The example doesn’t leverage any provisioner but we have mentioned that one of the essential parts of a development environment is the toolchain. It is impractical to package all the development tools in a box thus the Vagrant provides facility to customize the virtual machine.

There are many deveops tools available to automate configuration management such as Ansible, Puppet, SaltStack and Chef. Vagrant does not reinvent the wheel. Instead, it makes an abstract on different tools so the users could choose any technique they want. The tools are called provisioners.

Supported provisioner list could be found in the doc. You could choose any one you want. If you don’t have experience with any tool yet, I strongly recommend Anislbe because it is simple yet powerful.

What is Next

Vagrant is a powerful tool. It is impossible to cover everything in a single post. Here are some other interesting topics deserves to be explored.

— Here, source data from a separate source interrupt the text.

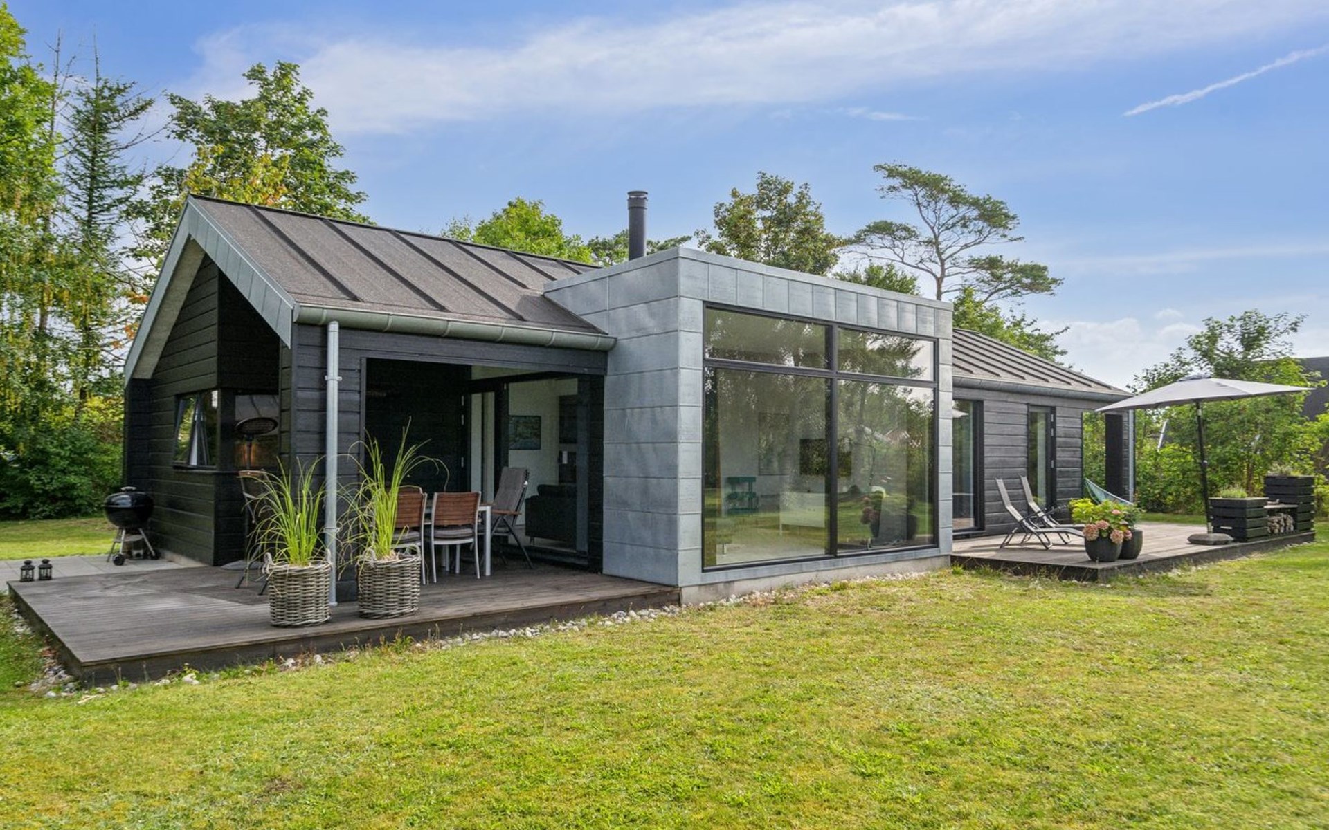 Einfamilienhaus, Baujahr 2016. 150 m vom Meer. Zur Alleinbenutzung: Grundstück 870 m2, gepflegter Garten. Terrasse (53 m2). Im Hause: Waschmaschine, Wäschetrockner. Parkplatz beim Haus. Lebensmittelgeschäft 1 km. Der Besitzer akzeptiert keine Jugendgruppen.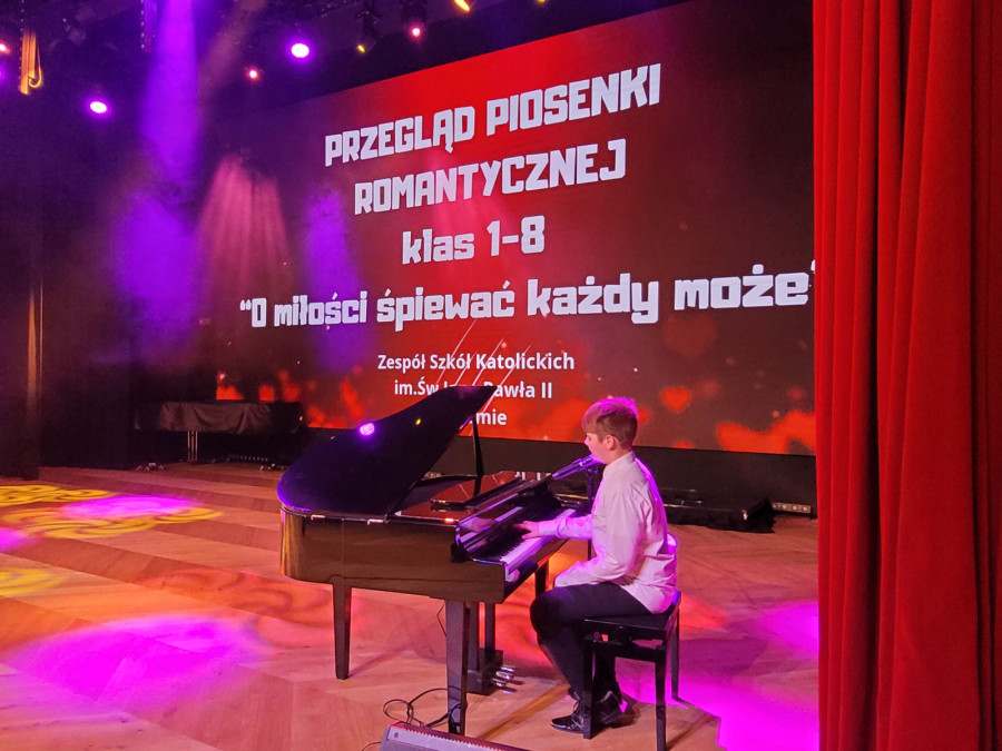 „O miłości śpiewać każdy może” – pod takim hasłem odbył się wyjątkowy przegląd piosenki, który zgromadził młodych wokalistów z całej gminy Śrem. Organizatorem wydarzenia był Zespół Szkół Katolickich im. św. Jana Pawła II w Śremie.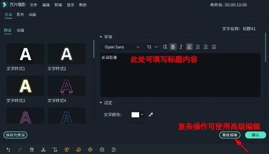 然后分别双击各标题轨道,再文本框中修改文字,如有需求可以对其字体、字号甚至颜色、样式、动画等进行调整。想要进行更加细致和复杂的调整及设计的话,日韩免费视频观看喵影也为每一位用户提供了“高级编辑”的功能。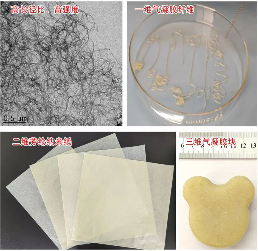 对位芳纶短纤一步转换制备的芳纶纳米纤维湿凝胶易存储运输,具有高度可加工性。可定制制备芳纶气凝胶纤维、芳纶纸及三维块状气凝胶。

  • Provisioner: We don’t show any usage about provisioner in this post. However, it is essential for customizing a envrionment. Ansible should be considered if you are a developer since it is lightweight and easy to learn.
  • QEMU provider: VirtualBox is great and most of time it is adequate. But it does not support nested virtualzation which is the ability to run virtual machines within another virtual machine. Most of hypervisors like VMware Fusion, Hyper-V and QEMU except VirtualBox support such a feature. Nested virtualization is very useful when creating demo cluster. There is also a company named Ravello who has been acquired by Oracle focusing on nested virtualzation technique. Hyper-V is not cross-platform and VMware Fusion/Workstation is charged. Vagrant provider for VMware Fusion/Workstation is also charged. So QEMU is another provider worthy playing with.
  • Docker provider: As one of the hottest techniques, Docker is worthy noting. Compared with hypervisors like VirtualBox, Docker is much much more lightweight. It is not a hypervisor, but it does provide some abstraction of a virtual machine. Its overhead is very low too which makes it is easy to boot dozens of Docker containers in you laptop. Of course, it is not as versatile as hypervisors but if it meets your need,it would be a good choices.
  • Network: Many new users will be confused on the network configuration of Vagrant. My suggestion is learning the network in hypervisor before you go ahead with Vagrant. VirtualBox’s Network document is a good source to refer.